- WHAT YOU NEED TO DO -
Please output the listing exactly as it stands, but omit any images.

- STORED DATA -
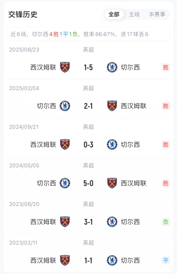 切尔西联赛10胜7平6负积37分暂位英超第5,各项赛事已获四连胜;西汉姆联联赛5胜5平13负积20分暂位英超第18,各项赛事目前也获得了三连胜。切尔西对阵西汉姆联已获四连胜。
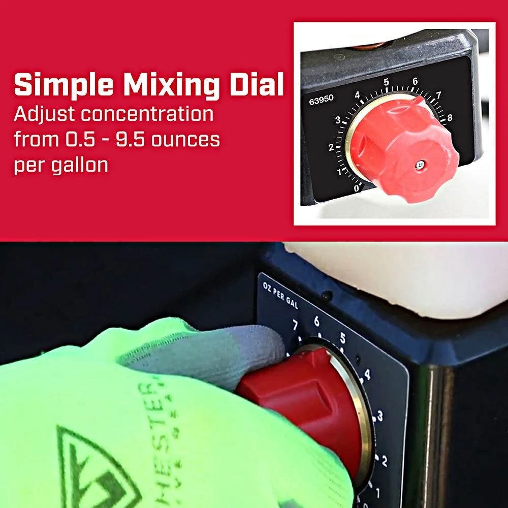 - Simple dial control accurately adjust chemical concentrate from 1 – 10 oz per gallon
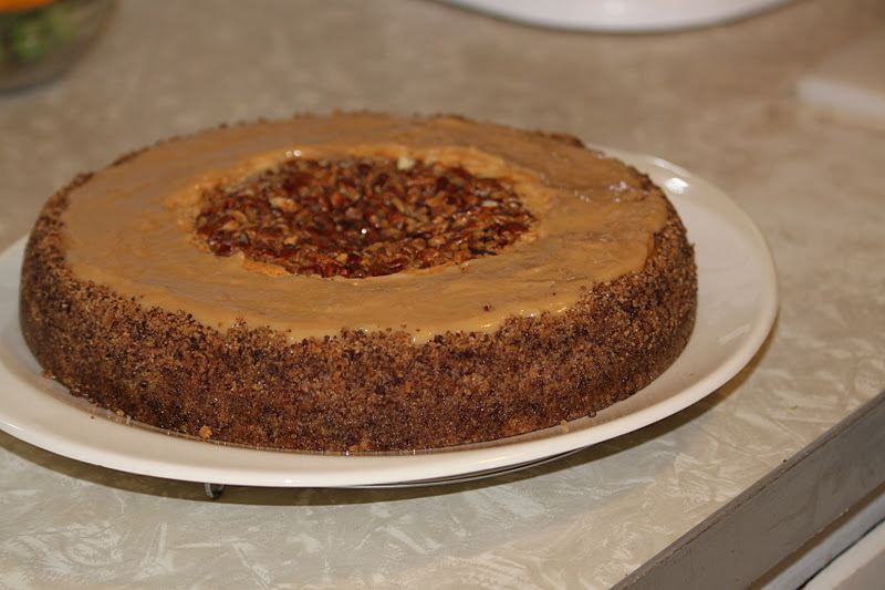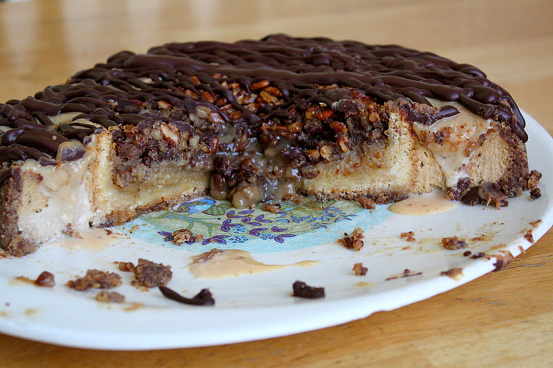 to assemble, place the cold pecan pie in the center of the cheesecake pan.  carefully spoon the filling around it without getting any on top of the pecan pie.  bake the cake for 45 minutes then carefully run a knife around the edge of the cake to release it from the pan and prevent cracking.  turn the oven off and leave the cake in the oven with the door just slightly open for 15 minutes.  remove from the oven, the cheesecake should be slightly puffed and feel almost firm to the touch.  let it cool and then chill it overnight before proceeding with the turtle pie topping.

- SOLUTION TO THIS TASK -
 切尔西联赛10胜7平6负积37分暂位英超第5,各项赛事已获四连胜;西汉姆联联赛5胜5平13负积20分暂位英超第18,各项赛事目前也获得了三连胜。切尔西对阵西汉姆联已获四连胜。
 - Simple dial control accurately adjust chemical concentrate from 1 – 10 oz per gallon
 to assemble, place the cold pecan pie in the center of the cheesecake pan.  carefully spoon the filling around it without getting any on top of the pecan pie.  bake the cake for 45 minutes then carefully run a knife around the edge of the cake to release it from the pan and prevent cracking.  turn the oven off and leave the cake in the oven with the door just slightly open for 15 minutes.  remove from the oven, the cheesecake should be slightly puffed and feel almost firm to the touch.  let it cool and then chill it overnight before proceeding with the turtle pie topping.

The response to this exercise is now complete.